Add the hypersensitivity that surrounds the Christmas season these days, with regular accusations of a "war on religion" being waged by Jesus-hating secularists, and it's easy to see why the story of a second-grader in Massachusetts quickly became a cause célèbre -- and why the rage may have overrun the reality.

It all began on Monday when the local paper, The Taunton Gazette, ran a story about a father incensed that his 8-year-old son was sent home from school and was required to undergo a psychological evaluation because he drew a stick figure Jesus on the cross.

The father, Chester Johnson, said that earlier this month officials at Maxham Elementary School told him his son, a second-grader, had created a "violent image." The boy's teacher, Johnson said, had asked students to draw something that reminded them of Christmas, and the Johnson family had recently returned from a trip to see the Christmas display at the National Shrine of Our Lady of La Salette.

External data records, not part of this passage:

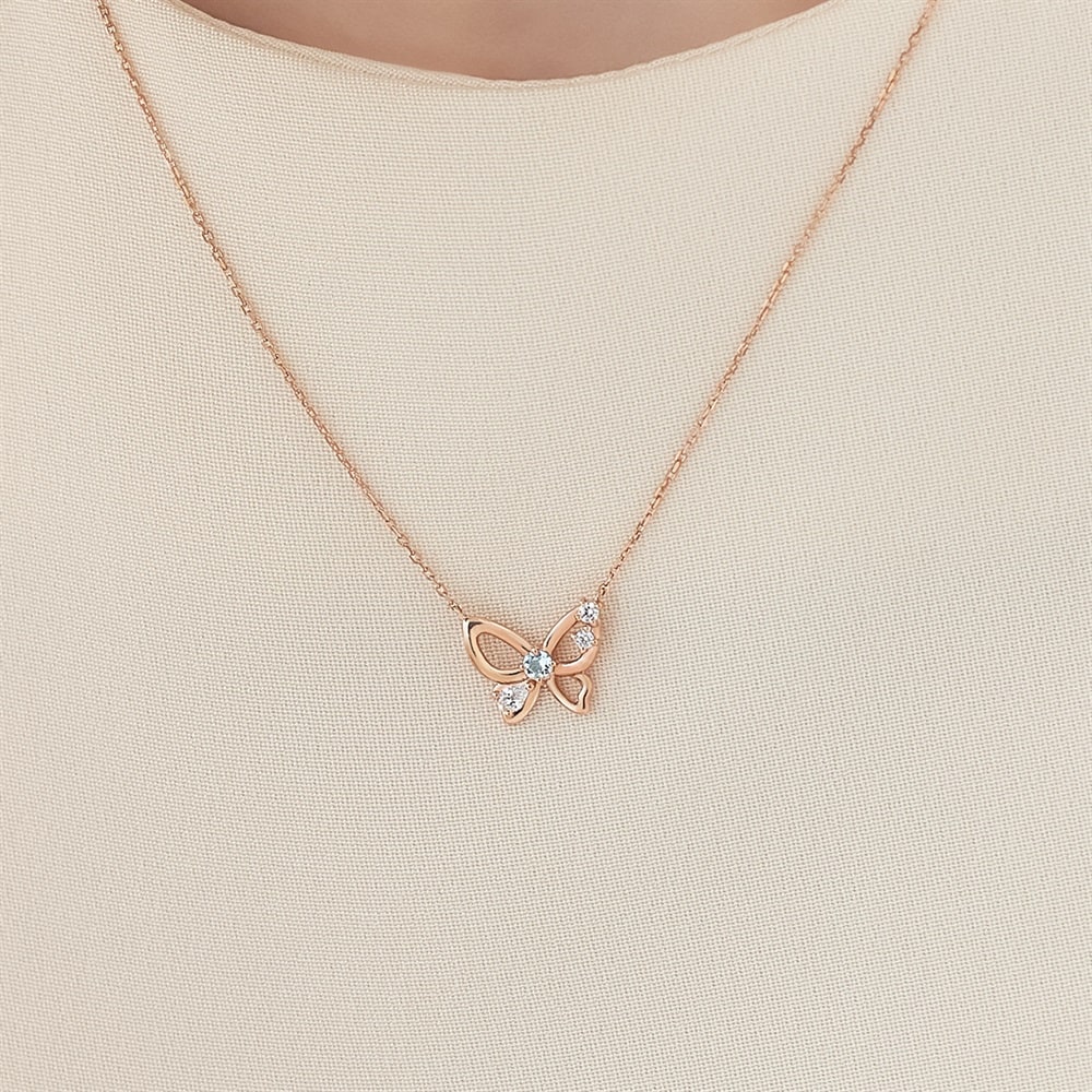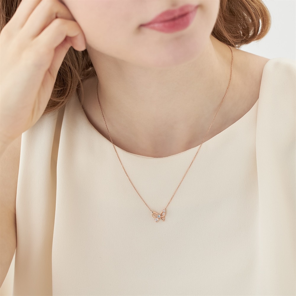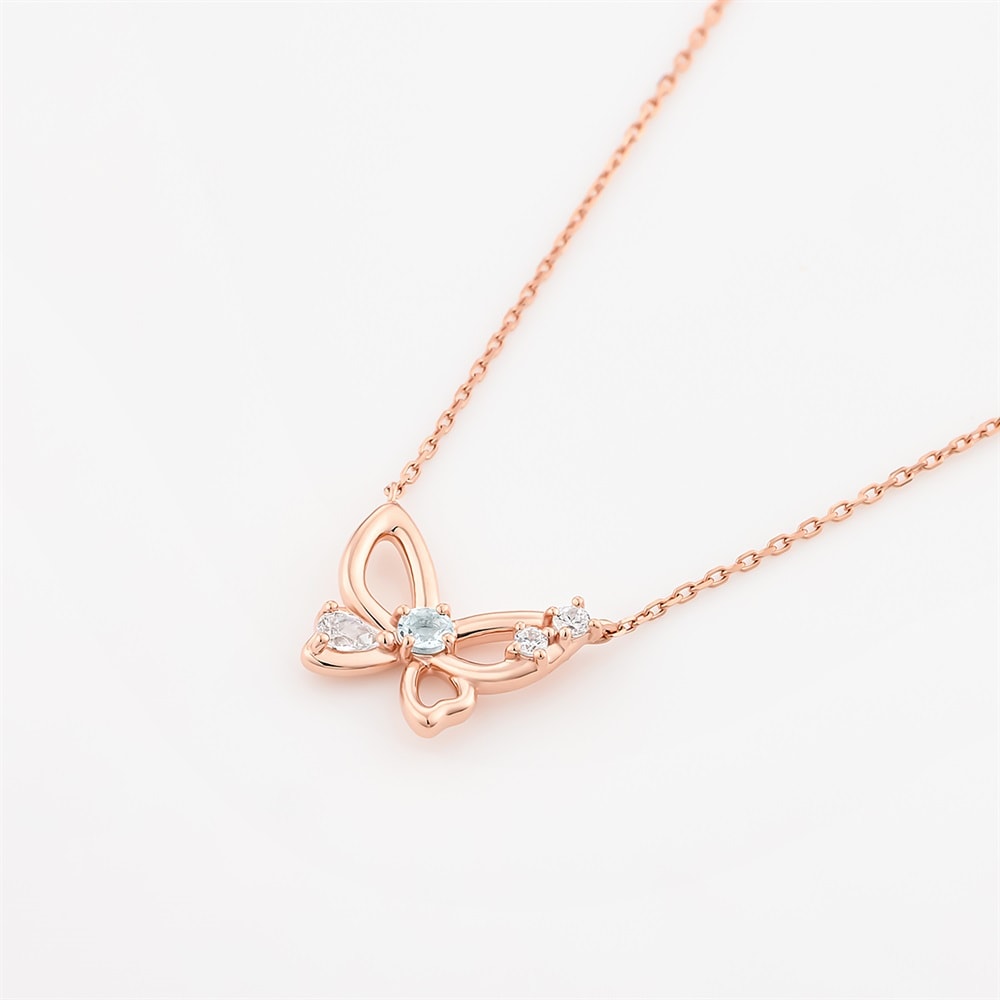 幸運の意味を持つ、3月の誕生石アクアマリンがポイントのバースデージュエリー。羽ばたくシーズンに向けた「飛躍」の意味を持つ蝶モチーフのネックレスです。やわらかなラインが描く抜け感でデコルテラインを美しく見せ、軽やかに身に着けていただけます。バースデーギフトやご自身用のパーソナルジュエリーとしておすすめです。※天然石・天然素材を使用しているため、実際の色味や風合いが異なる場合がございます。
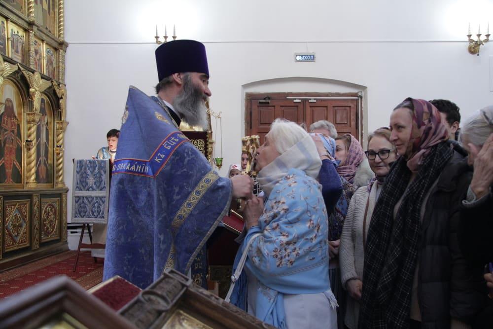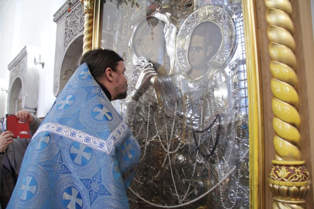 По окончании богослужения было совершено славление чудотворной храмовой иконе Богородицы «Отрада и Утешение». Затем протоиерей Сергий Дикий обратился ко всем присутствующим с пастырским словом.
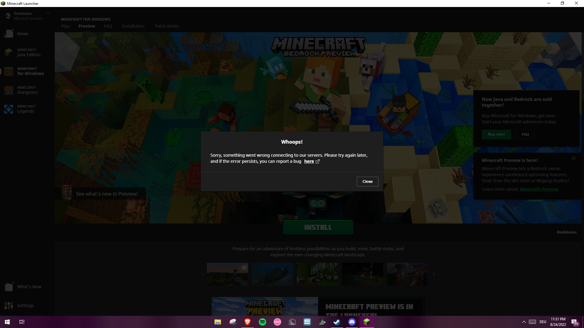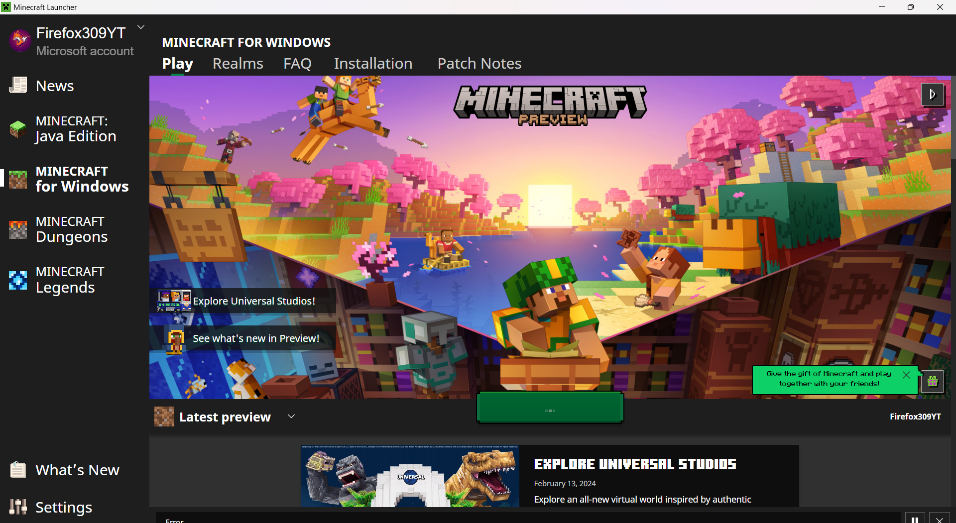I tried installing Minecraft Preview and it always gives me the following error message.
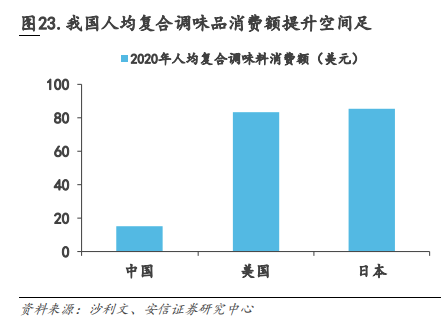 2020年,國(guó)內(nèi)調(diào)味品是美國(guó)的52%、日本的45%,人均開(kāi)支15美元/年。
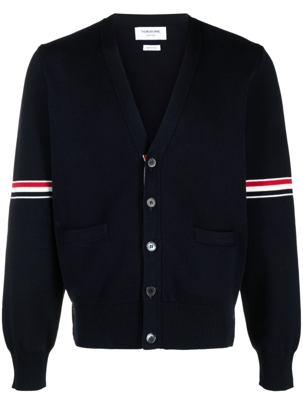 tricolour 4-Bar cardigan There are approximately eight million things to talk about when it comes to this Thom Browne cardigan, but we'd like to concentrate on the Milano stitching. If you look closely, the textured weaving is the result of two yarns being knit diagonally. We always knew that, and Highlights - Navy/white/red - Cotton - V-neck - Front button fastening - Two front patch pockets - Signature 4-bar stripe - Signature 4-bar tab - Long sleeves - Buttoned cuffs - Side button fastening - Ribbed detailing Made in Italy Composition Cotton 100% SIZE & FIT Model measurements Height 6 ft 2 in(1.89 m) Bust/Chest 39.76 in(101 cm) Hips 37.4 in(95 cm) Waist 29.92 in(76 cm) Measurement CHEST 41.73 in(106 cm) SLEEVE LENGTH 32.48 in(82.5 cm) LENGTH 24.4 in(62 cm) FittingInformation Designed for a relaxed fit, this piece allows for comfort and movement when worn Made with a midweight knit, this piece offers some stretch This piece fits true to size – take your usual size Washing instructions Hand Wash
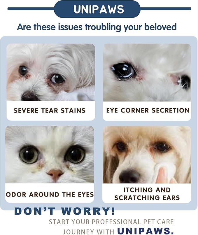 UNIPAWS Pet Tear Stain Remover & Eye Area Cleaner – Vet-Recommended Grooming Solution for Dogs & Cats – Reduces Stains, Comforts Watery, Itchy Eyes – Probiotic & Plant-Based Formula, 5.1 fl oz
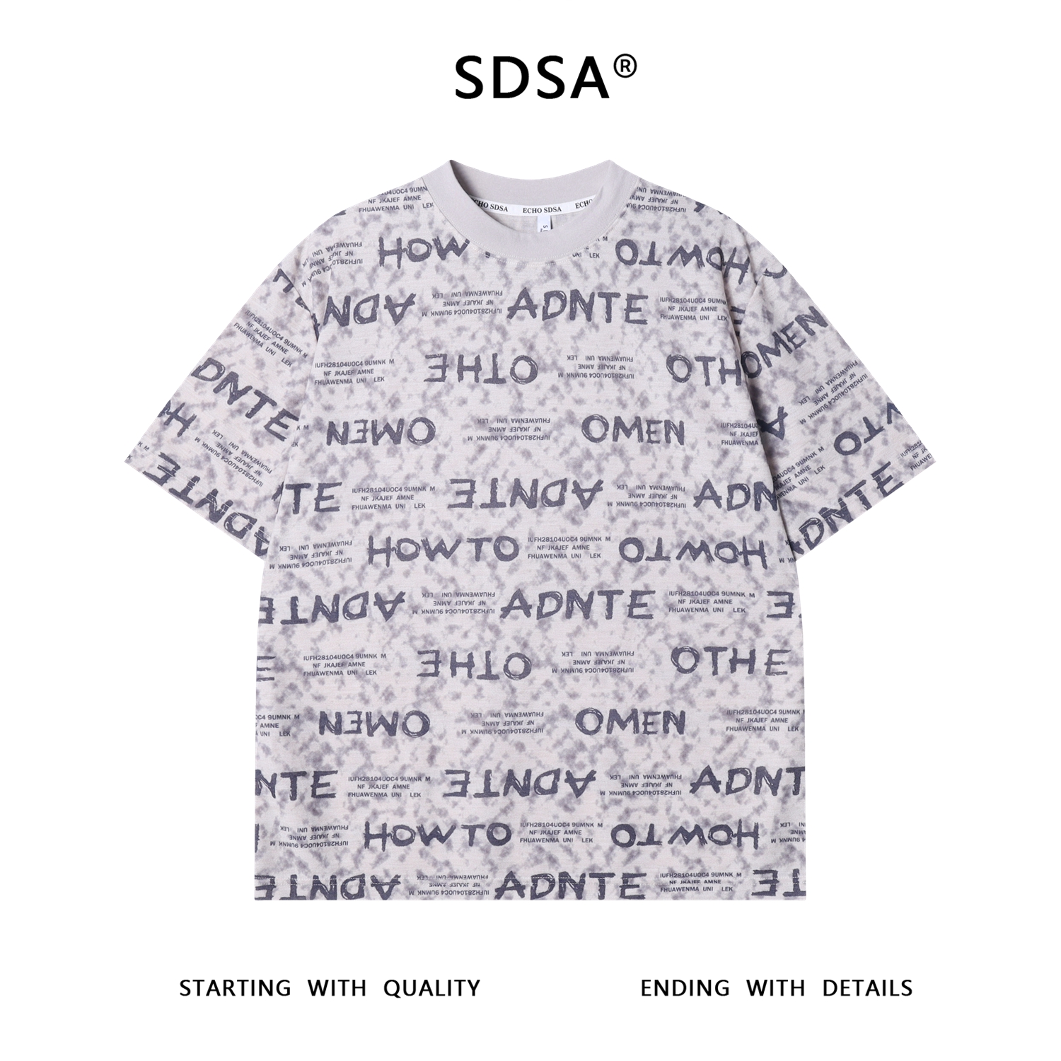 T3531夏季高级感新款男士扎染满印字母圆领短袖T恤小众设计时尚上衣

The boy's drawing depicted a crucified Jesus with Xs covering his eyes to signify that he had died (although Jesus seems to be grinning), and it was arguably more Easter than Christmas. But so be it. The school sent the boy home on Wednesday, Dec. 2, the day he drew the picture, and told Johnson he needed to be sent for a psychological evaluation. Johnson did that the next day, and the boy was back at school the following Monday. But Johnson was still understandably upset, and school officials agreed to have the boy transfer to another grade school.

That did not mollify his father. "He's 8 years old. They overreacted," he told the newspaper. "As far as I'm concerned, they're violating his religion."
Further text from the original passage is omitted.